= Téréba Togola =

Malian archaeologist

Téréba Togola (1948–2005) was a Malian archaeologist from the region of Sikasso. He participated in the country's first national inventory of its archaeological sites.

==Biography==
Togola was born in Bougouni Cercle, Sikasso in 1948 to a Bambara village chief and one of his later wives who was thought to be barren; in the Bambara language, Téréba translates to "surprise" or "miraculous birth". For some time he worked as a teacher in the Kayes Region. After studying at the Ecole Normale Supérieure of Bamako, he was introduced to archaeology by Michel Raimbault in 1982. He was employed by the Institut des Sciences Humaines and began conducting archaeological expeditions to the Lakes Region. In 1984, he accompanied Rainbault in an expedition to Kawinza in the Timbuktu Region.

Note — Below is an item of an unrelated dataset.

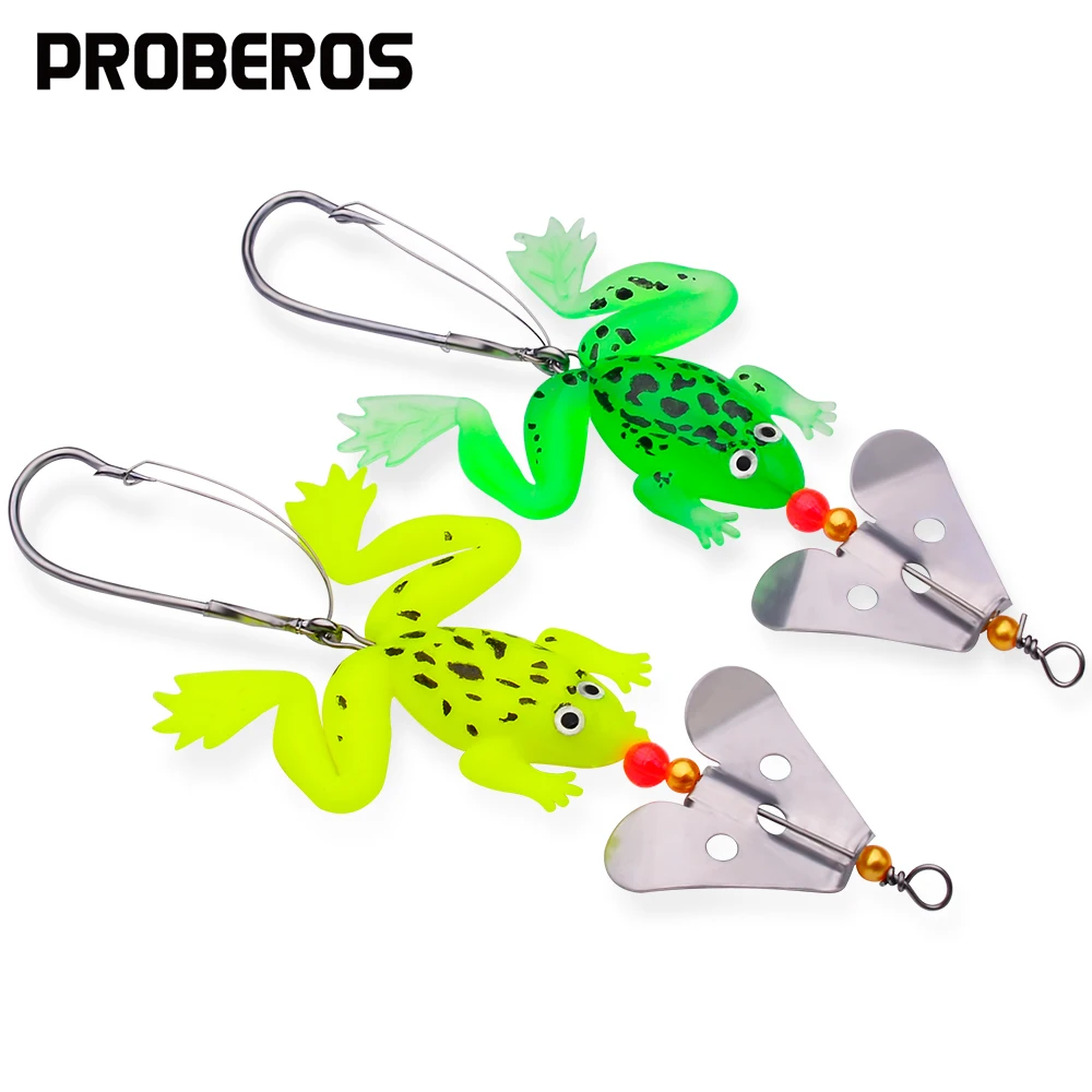 PROBEROS-señuelo de Pesca de rana blanda, cebo Artificial de silicona, Wobblers, Swimming Frog con Spinner Isca, 10cm, 1PX/4 piezas

In 1986 he received a Fulbright Fellowship to Rice University where he eventually completed an MA and PhD with Roderick and Susan McIntosh. Later he would continue excavations with them at the Djenné-Jeno site (1994, 1997, 1999) and others within the Timbuktu Region, documented by National Geographic. In January 1987 they became the first to excavate Dia. By 1987, Togola's work with the McIntoshes had documented 108 Iron Age sites in Mali. In 1989–1990, he worked extensively with Kevin MacDonald, then of the University of Cambridge, and undertook vigorous investigations in the Mema, where they inventoried 137 sites, including 32 of the Neolithic period. In 2003 and 2004, he organized another expedition to the Mema with a Japanese team.

Togola was instrumental in securing Tombeau des Askia of Gao as a UNESCO World Heritage Site and also protecting the Timbuktu monuments during his term as Cultural Minister. He excavated the mosques of Gao and authored works on it. He was "dedicated to a thorough reconstruction of the country's rich past, and his own publications." He was also the author of The Inland Delta and the Manding Mountains, and Archaeological Investigations of Iron Age sites in the Mema Region, Mali (West Africa) (2008).

Togola was a member of several organizations, including Association pour le Développement de l’Arrondissement de Koumantou, Association des Etudes Mandé, Association des Historiens du Mali, Association OuestAfricaine d’Archéologie, Association Panafricaine de Préhistoire et Disciplines Assimilées, Comité Scientifique pour le Développement de la Boucle du Baoulé, Karité Mali, Réseau des archéologues africains, and Société des Archéologues Africanistes.
He served as the National Director of Cultural Heritage within Mali's Ministry of Culture from 1998; he died of kidney failure in 2005. Five years earlier, he received the honorary title Chevalier de l’Ordre National du Mali (Knight of the National Order of Mali).